BRIEF —
Where the line containing "A word of caution: Only" appears below, start there and repeat each line exactly to the end. Leave the pictures out.

DATA SHOWN —
▬▬▬▬▬▬
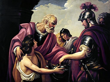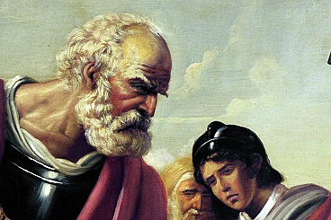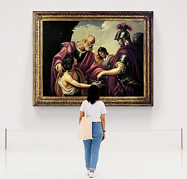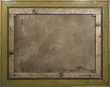 Ettore Frattini's technique is detailed, with touched brushstrokes and an excellent sense of realism. The color is treated with the enthusiasm of those who are in contact with the pictorial ways of the seventeenth century, which contrast with large chiaroscuro effects. In this work, the artist pays homage to the master of French neoclassicism François-André Vincent with masterful skill and dedication. The work portrays a scene starring Flavius Belisarius, a Byzantine general who served under Justinian I (527-565). Legend has it that the general was blinded and made a beggar and then recognized by one of his former soldiers. The dimensions of the framed work are 151 x 191 cm.
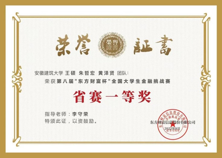 本网讯 近日,第八届“东方财富杯”全国大学生金融挑战赛省赛落下帷幕。经管学院李守荣博士精心指导,经管学子朱哲宏、王硕、黄泽贤组成的团队经过三个月的激烈比拼,从全省六千多支代表队中脱颖而出,荣获省赛一等奖。
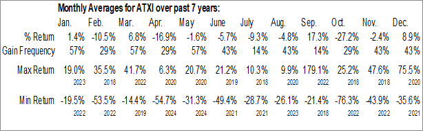 A word of caution: Only 7 years of data is available for shares of ATXI, perhaps insufficient to create a seasonal profile that accurately gauges the seasonal tendencies influencing the investment. Ideally, while 20 years is preferred, at least 10 years of data is required to perform a seasonal analysis that is considered to be reliable for future seasonal periods.
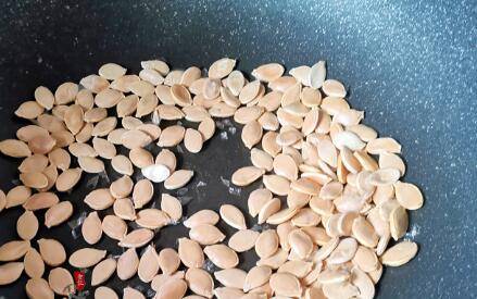 锅烧热,把晒好的南瓜子倒入,转小火,反复翻炒。
▬▬▬▬▬▬
SOLUTION —
 A word of caution: Only 7 years of data is available for shares of ATXI, perhaps insufficient to create a seasonal profile that accurately gauges the seasonal tendencies influencing the investment. Ideally, while 20 years is preferred, at least 10 years of data is required to perform a seasonal analysis that is considered to be reliable for future seasonal periods.
 锅烧热,把晒好的南瓜子倒入,转小火,反复翻炒。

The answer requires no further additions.